In some cases, treatment for children with the new syndrome is simple and fast. Dr. Krilov recently treated a 4-year-old boy whose family had previously fallen ill with Covid-19. Weeks later, the boy had a high fever, a rash, and kidney problems. They gave him one of the standard treatments for Kawasaki disease: intravenous immunoglobulin, a serum drawn from donated blood. Within a day her fever dropped and her kidneys returned to normal, Dr. Krilov said.
Preliminary research suggests that children they are significantly less likely to become seriously ill with Covid-19 than adults. In New York City, there have been 13,724 laboratory confirmed Covid patient deaths. Six are 17 or younger, and all had underlying health conditions, according to city data.
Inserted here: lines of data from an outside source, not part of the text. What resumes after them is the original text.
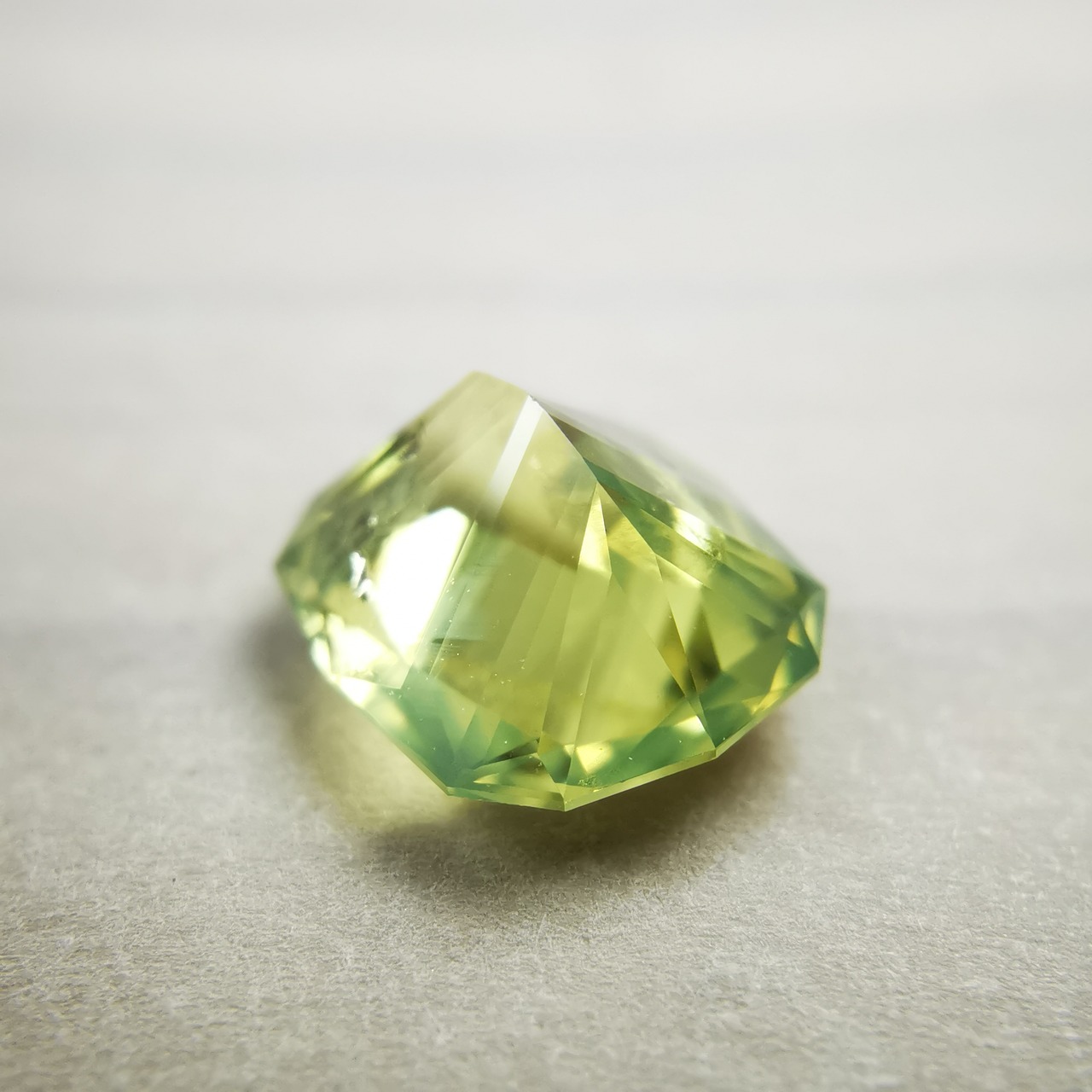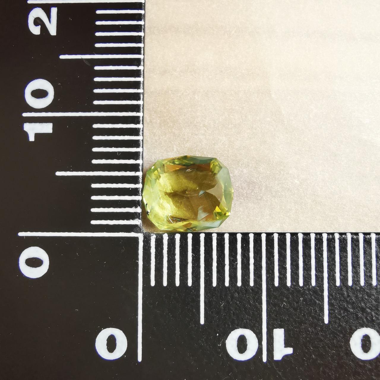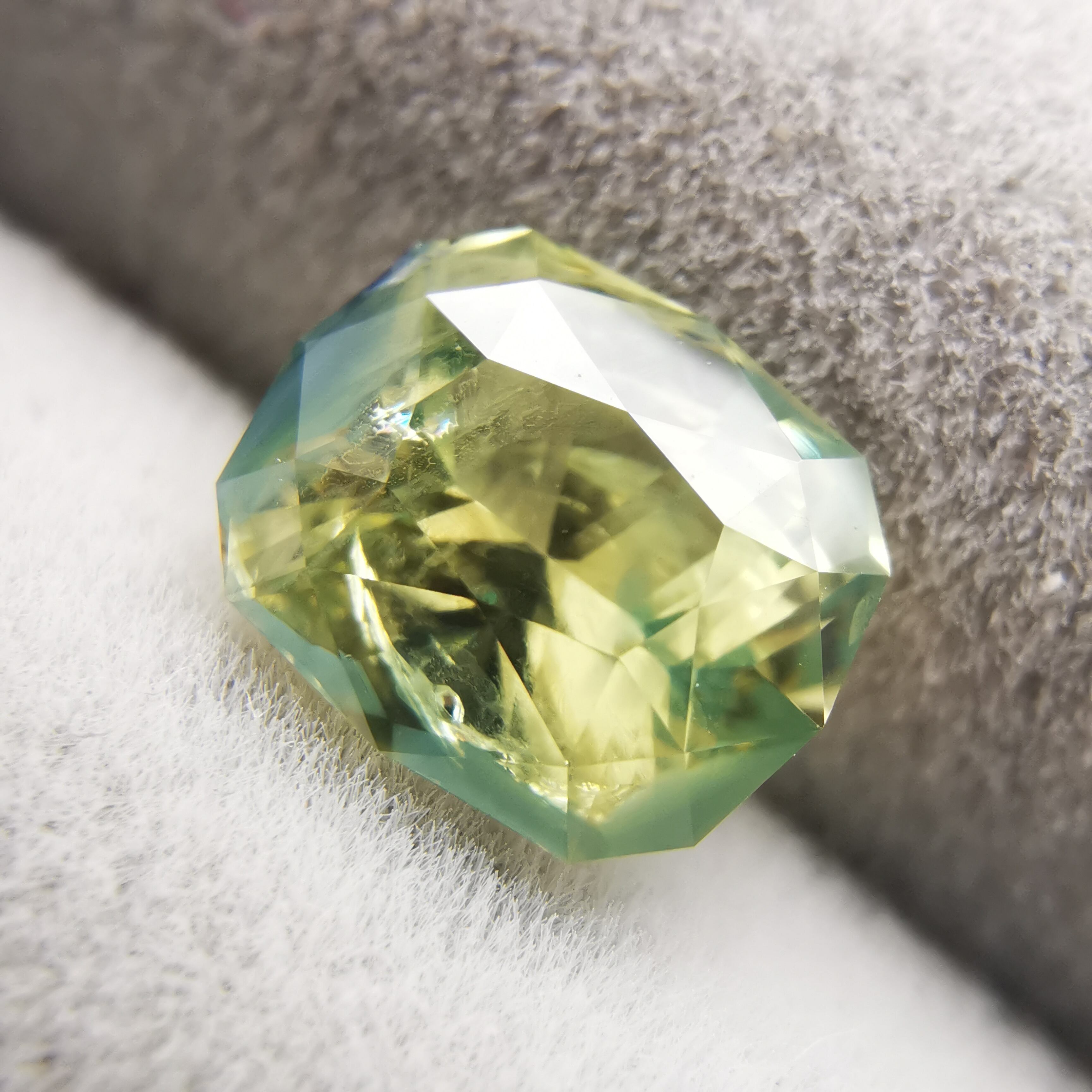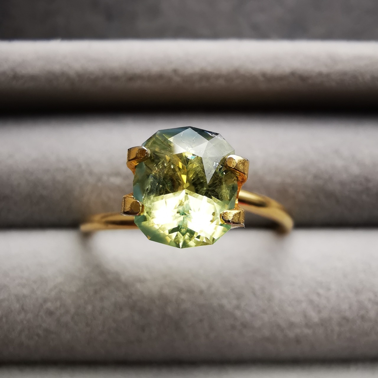 クリアでよくきらめく緑みの明るい黄色/黄檗色の石の周りを、しっとりとミルキーな青磁色がぐるりと縁取るサファイアです。
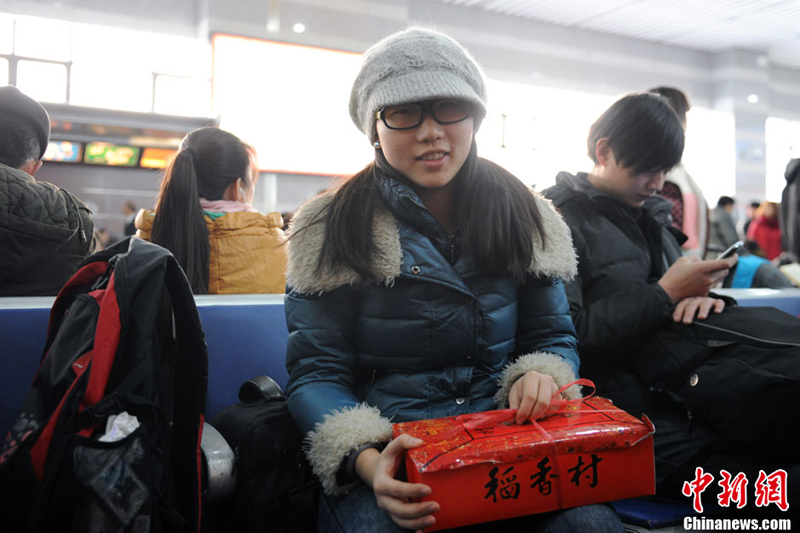 大三学生小肖,因为留在学校实验室里做课题,才在错过了“学生潮”后,赶着“务工潮”踏上了返回湖北武汉的旅程。小肖说,平时课少或者不忙的时候,也会在周末抽空回家“转转”,所以这次回去没有准备特别的礼物。倒是家里的外公、外婆喜欢北京的特色糕点,就给买了点带回去孝敬他们。图/张越 文/张龙云
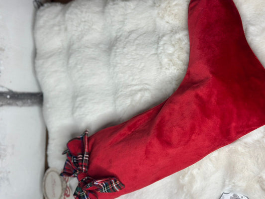 Calza della befana natalizia rossa con motivo scozzese
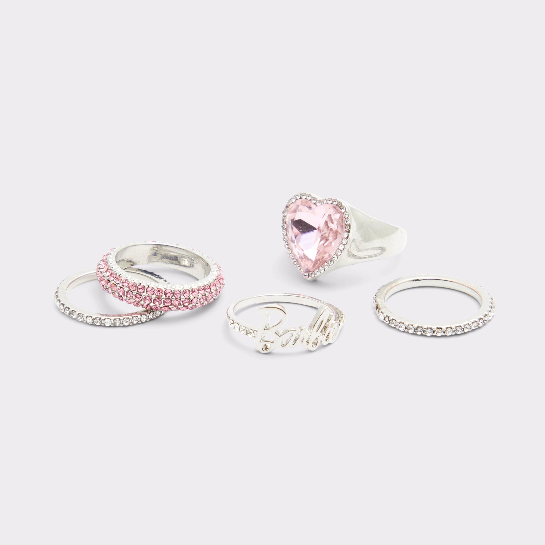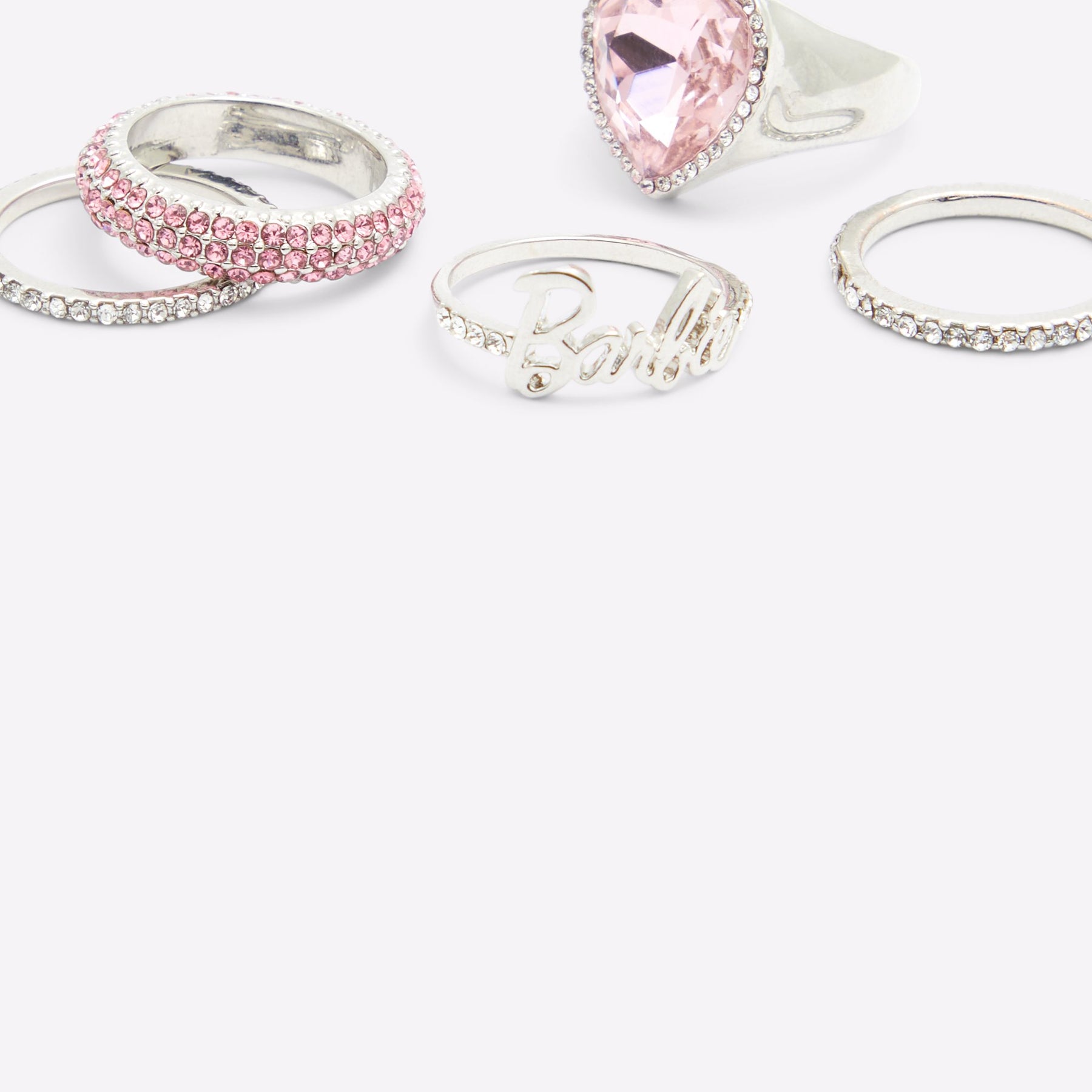 Anéis BARBIERINGS para mulher, em rosa claro, com pedras brilhantes. Coleção exclusiva Barbie x ALDO.

Doctors say that despite increasing evidence that some healthy children are becoming seriously ill with this new syndrome, they still have a much lower risk of Covid-19 than adults.
“It’s a different disease in adults,” said Dr. Jennifer Lighter, a pediatric infectious disease specialist at NYU Langone Medical Center, who treated a pediatric patient with the new syndrome last week.
“It’s very, very rare, and the kids have been doing well for the most part,” Dr. Lighter said of the new syndrome. “My patient is at home and doing very well.”